See-Threepio translated as Chewbacca laid bare her feelings for Han, and he was a bit embarrassed about the whole thing, frankly. As for Leia, she was furious. How dare this walking carpet interrupt her, the last Princess of Organa, on her wedding day?
Somebody called Jerry Springer.
Leia agreed to go on, which was unfortunate because she'd forgotten
how Jerry encouraged fighting on the show. She got carried away and slapped
Chewbacca about halfway through, and when Chewie slapped back it took a
construction crew to get Leia's head out of the studio wall. Leia left
Han shortly after that. Fortunately, any potentially messy man-Wookiee
entanglements were quickly cleared up when, via a coincidence of unprecedented
proportions, Chewie turned out to be Han's sister. And they all lived happily
ever after.
Wedge.
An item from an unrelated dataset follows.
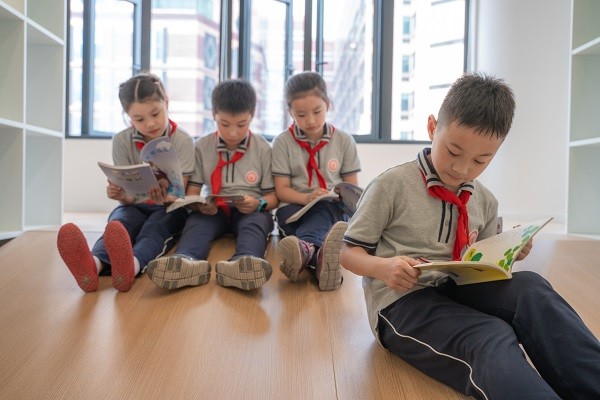 图说:孩子们在图书馆里沉浸书香

He later ran for President Of The Rebel Alliance on his war record, but despite his magnificent accomplishments nobody except the most die-hard war scholars knew who the hell he was.
Lando Calrissian. He ran against Wedge and won in a landslide, taking control of the considerable might of the Rebel Alliance. Which sounded very impressive until he lost it three weeks later in a sabacc game.
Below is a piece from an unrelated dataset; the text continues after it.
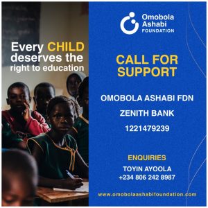 The Omobola Ashabi Foundation has announced a fundraising event for an initiative targeted at breaking the cycle of poverty by helping children and women in marginalised communities access quality education and training towards the possibility of a better life.

Admiral Ackbar. A charming, witty individual who many had picked to succeed Princess Leia as head of the Rebel Alliance, he met an unfortunate demise one day when a pre-med student, confused by a reference to the fact that "Admiral Ackbar sleeps with the fishes", embalmed him by mistake. It's entirely possible that, thanks to his inhuman anatomy, Ackbar might have survived the embalming, but a mysterious "Mrs. Gordon" picked up the remains immediately thereafter and headed for the sticks.
See-Threepio. Loyal to the end, Threepio shut himself down when it was discovered that despite his immense protocol skills, he didn't have what it took to understand a system that was running Windows 98.
Boba Fett. Slurp. Slurp. Slurp.
Repeat for a thousand years.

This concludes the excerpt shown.